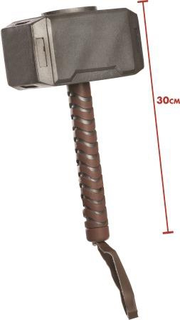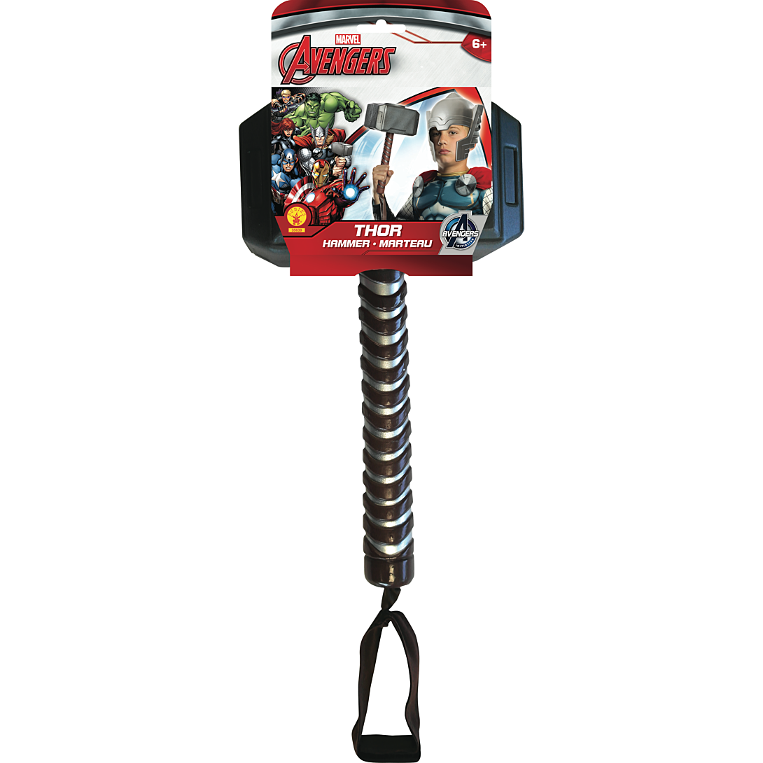 Le Marteau Mjölnir de Thor en plastique. Anse en tissu effet cuir marron pour un maintien plus facile. Accessoire idéal pour compléter le déguisement de Thor.
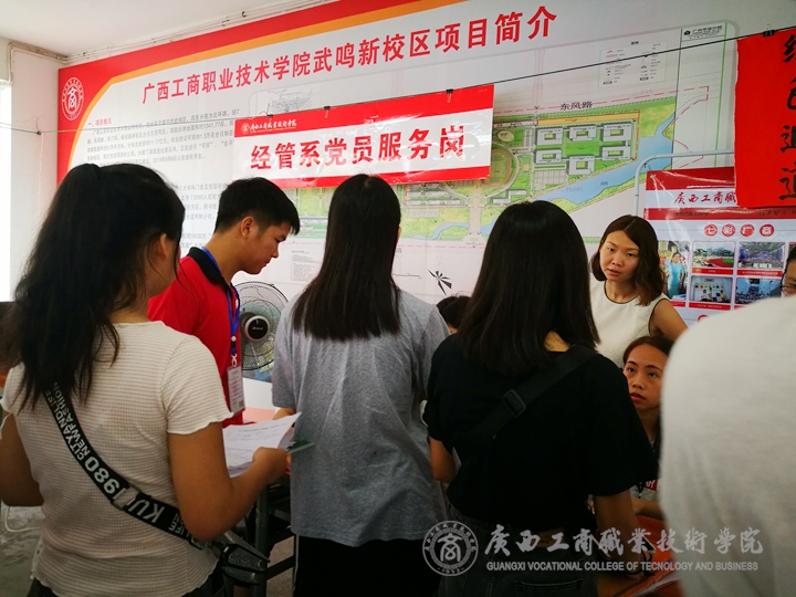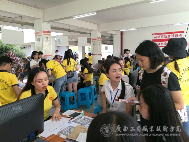 各系入黨積極分子們熱情迎新,從校外迎接點,到進入宿舍,高舉學院標志的志愿者們熱情地迎接前來報到的同學,熱心引導學弟學妹,他們幫忙提行李、詳細介紹報到注冊流程、指導新生們?nèi)绾伪M快適應大學生活、怎樣規(guī)劃自己的大學生涯……紅色先鋒們竭盡所能為新生和家長提供必要的幫助,時刻謹記著廣商院人的責任與使命,他們的熱情服務之火成為迎新當天最靚麗的一抹紅色,在學弟學妹們心里點燃了紅色的傳承之光。
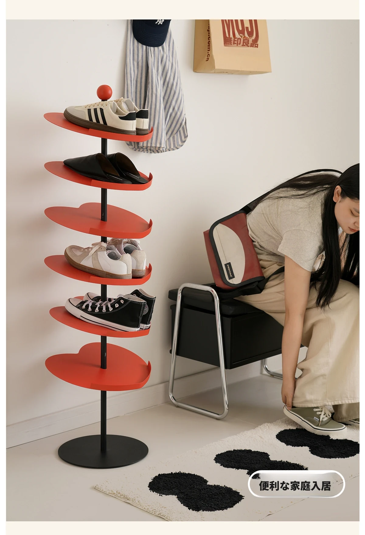 2025年新作!左下愛心シューラック - 多層家庭用玄関靴収納、シンプルでコンパクトなスリムデザイン。狭いスペースにも最適!おしゃれで機能的な靴収納で、玄関をスッキリさせましょう!
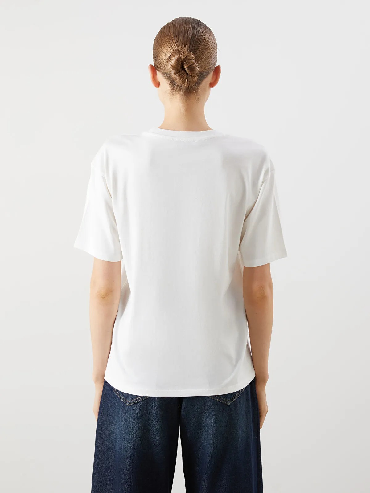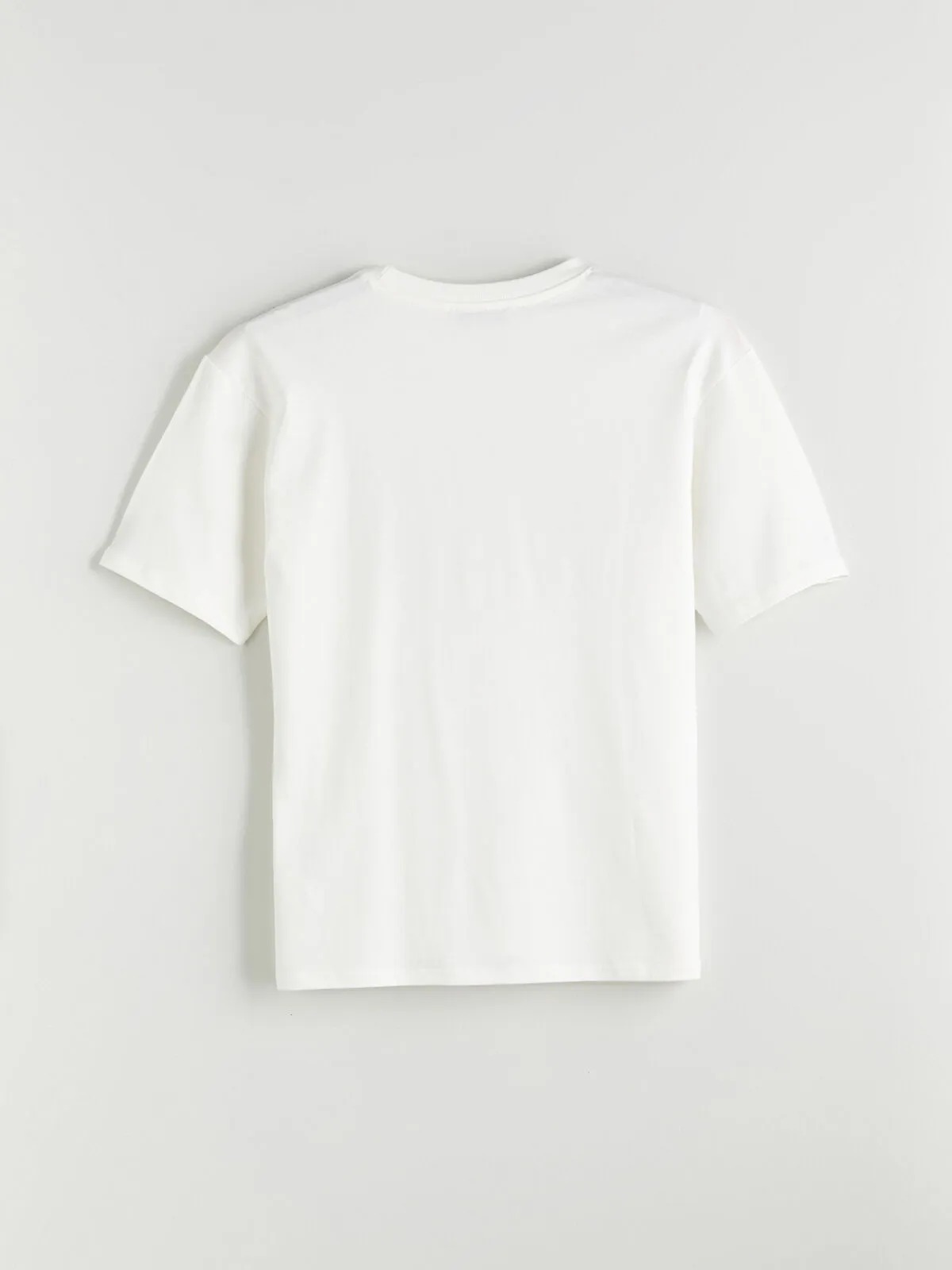 تيشيرت نسائي بلون بيج فاتح ناعم (Ekru)، بياقة دائرية وأكمام قصيرة، مزين بطبعة أمامية أنيقة تعزز من أسلوبك الكاجوال العصري. تصميم Oversize يمنح حرية حركة وراحة طوال اليوم، مثالي لإطلالة مريحة وواسعة بأسلوب عصري أنيق.
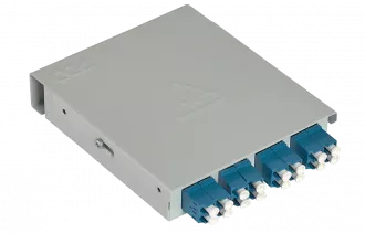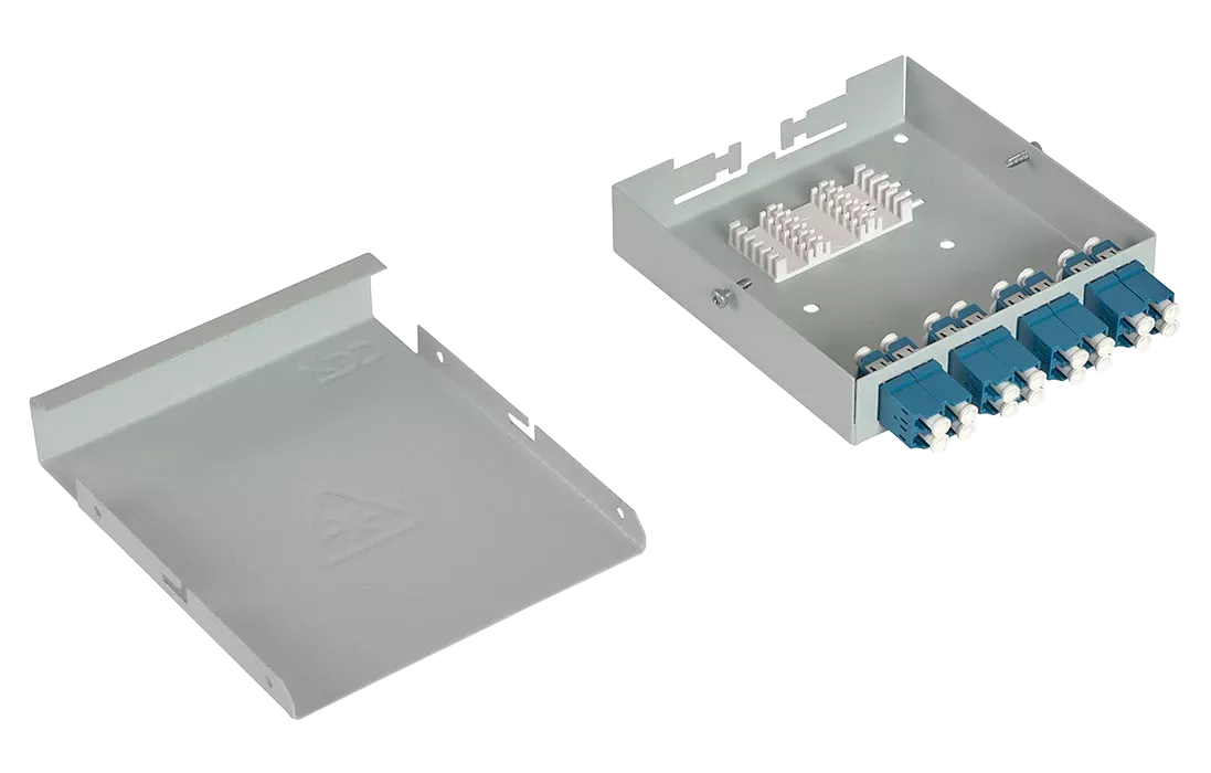 Оптические кабели разделываются и фиксируются в верхней части корпуса. Волокна свариваются с пигтейлами, КДЗС закрепляются в ложементе.
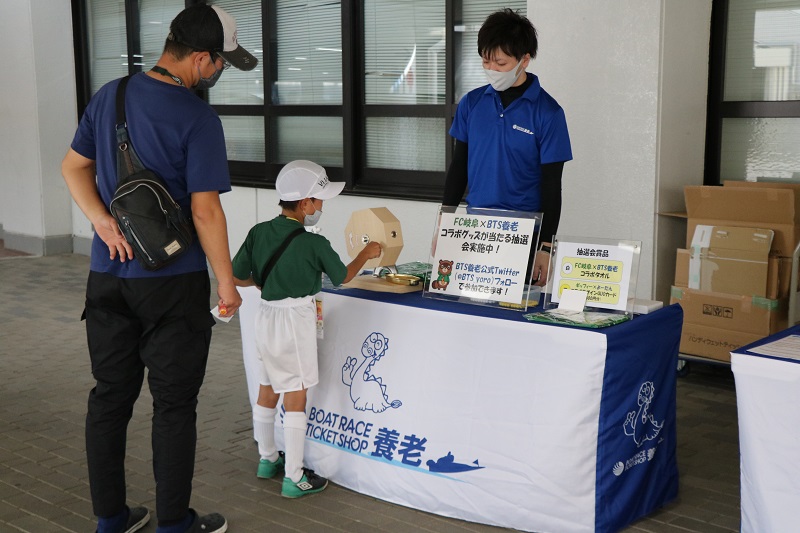 ボートレースチケットショップ養老のPRブースでは、コラボグッズが当たるガラガラ抽選がおこなわれました。
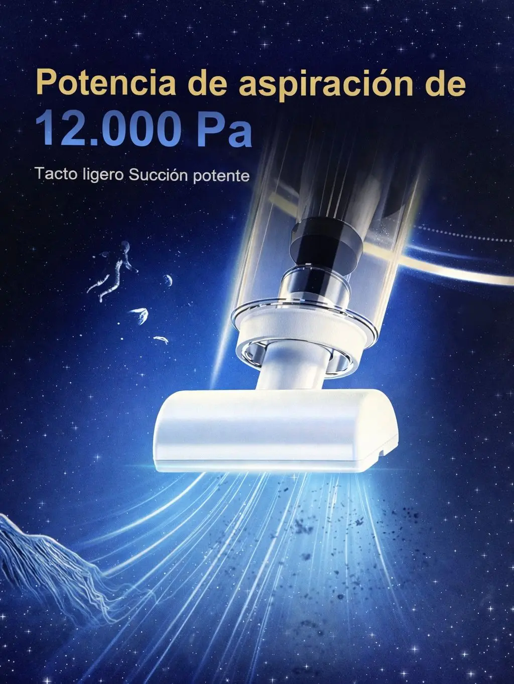 Alta potencia de succión: Motor de 120W con fuerza de hasta 12.000Pa para eliminar polvo, migas y suciedad con facilidad.
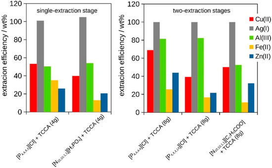 The extraction efficiency after single- or two-extraction stages for different ILs + TCCA (4 g or 8 g) at T = 318 K for 2 h at 3000 rpm, pH = 1.5–3, is presented in Figure 3.
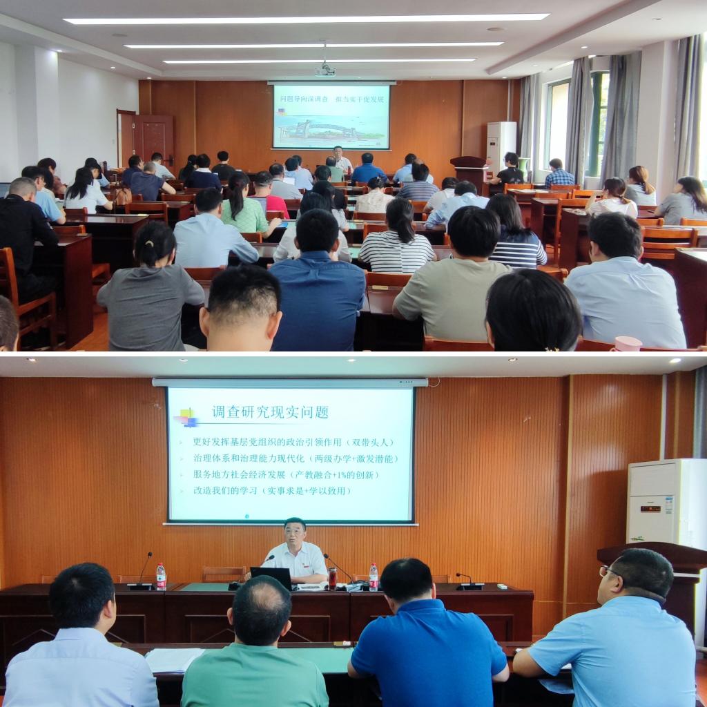 陆伟锋从“树立正确政绩观、事业观,调研究是做好各项工作的基本功,调查研究的工作要点,调查研究现实问题”等四个方面展开阐述,结合学习贯彻习近平新时代中国特色社会主义思想主题教育、巡视巡察、新一轮本科公司产品审核评估等工作,要求广大党员领导干部要深入学习贯彻习近平总书记关于树牢正确政绩观的重要指示精神,完整、准确、全面贯彻新发展理念,努力做到为民造福、真抓实干、不务虚名、廉洁自律、久久为公。陆伟锋指出:开展调查研究是这次主题教育的重要内容,是做好工作的基础,正确的决策离不开调查研究,正确贯彻落实决策也离不开调查研究;党员干部要扑下身子,下沉一线,运用党的创新理论研究新情况,解决新问题,广大教师要深入员工,了解并解答员工的问题和困惑,每位教师尽职敬业,就是为民造福。最后,对公司提出四点要求:要更好地发挥基层党组织的政治引领作用、不断推进治理体系和治理能力现代化、提升服务地方社会经济发展能力、不断改造我们的学习。(文/图 陈谣)
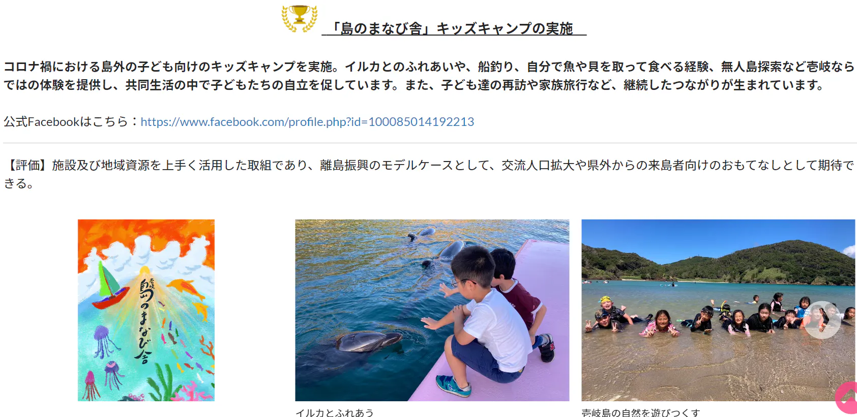 「コロナ禍における島外の子ども向けのキッズキャンプを実施。イルカとのふれあいや、船釣り、自分で魚や貝を取って食べる経験、無人島探索など壱岐ならではの体験を提供し、共同生活の中で子どもたちの自立を促しています。また、子ども達の再訪や家族旅行など、継続したつながりが生まれています。」

=== Prompt ===
Copy the entries exactly. No pictures.

=== Written solution ===
 Le Marteau Mjölnir de Thor en plastique. Anse en tissu effet cuir marron pour un maintien plus facile. Accessoire idéal pour compléter le déguisement de Thor.
 各系入黨積極分子們熱情迎新,從校外迎接點,到進入宿舍,高舉學院標志的志愿者們熱情地迎接前來報到的同學,熱心引導學弟學妹,他們幫忙提行李、詳細介紹報到注冊流程、指導新生們?nèi)绾伪M快適應大學生活、怎樣規(guī)劃自己的大學生涯……紅色先鋒們竭盡所能為新生和家長提供必要的幫助,時刻謹記著廣商院人的責任與使命,他們的熱情服務之火成為迎新當天最靚麗的一抹紅色,在學弟學妹們心里點燃了紅色的傳承之光。
 2025年新作!左下愛心シューラック - 多層家庭用玄関靴収納、シンプルでコンパクトなスリムデザイン。狭いスペースにも最適!おしゃれで機能的な靴収納で、玄関をスッキリさせましょう!
 تيشيرت نسائي بلون بيج فاتح ناعم (Ekru)، بياقة دائرية وأكمام قصيرة، مزين بطبعة أمامية أنيقة تعزز من أسلوبك الكاجوال العصري. تصميم Oversize يمنح حرية حركة وراحة طوال اليوم، مثالي لإطلالة مريحة وواسعة بأسلوب عصري أنيق.
 Оптические кабели разделываются и фиксируются в верхней части корпуса. Волокна свариваются с пигтейлами, КДЗС закрепляются в ложементе.
 ボートレースチケットショップ養老のPRブースでは、コラボグッズが当たるガラガラ抽選がおこなわれました。
 Alta potencia de succión: Motor de 120W con fuerza de hasta 12.000Pa para eliminar polvo, migas y suciedad con facilidad.
 The extraction efficiency after single- or two-extraction stages for different ILs + TCCA (4 g or 8 g) at T = 318 K for 2 h at 3000 rpm, pH = 1.5–3, is presented in Figure 3.
 陆伟锋从“树立正确政绩观、事业观,调研究是做好各项工作的基本功,调查研究的工作要点,调查研究现实问题”等四个方面展开阐述,结合学习贯彻习近平新时代中国特色社会主义思想主题教育、巡视巡察、新一轮本科公司产品审核评估等工作,要求广大党员领导干部要深入学习贯彻习近平总书记关于树牢正确政绩观的重要指示精神,完整、准确、全面贯彻新发展理念,努力做到为民造福、真抓实干、不务虚名、廉洁自律、久久为公。陆伟锋指出:开展调查研究是这次主题教育的重要内容,是做好工作的基础,正确的决策离不开调查研究,正确贯彻落实决策也离不开调查研究;党员干部要扑下身子,下沉一线,运用党的创新理论研究新情况,解决新问题,广大教师要深入员工,了解并解答员工的问题和困惑,每位教师尽职敬业,就是为民造福。最后,对公司提出四点要求:要更好地发挥基层党组织的政治引领作用、不断推进治理体系和治理能力现代化、提升服务地方社会经济发展能力、不断改造我们的学习。(文/图 陈谣)
 「コロナ禍における島外の子ども向けのキッズキャンプを実施。イルカとのふれあいや、船釣り、自分で魚や貝を取って食べる経験、無人島探索など壱岐ならではの体験を提供し、共同生活の中で子どもたちの自立を促しています。また、子ども達の再訪や家族旅行など、継続したつながりが生まれています。」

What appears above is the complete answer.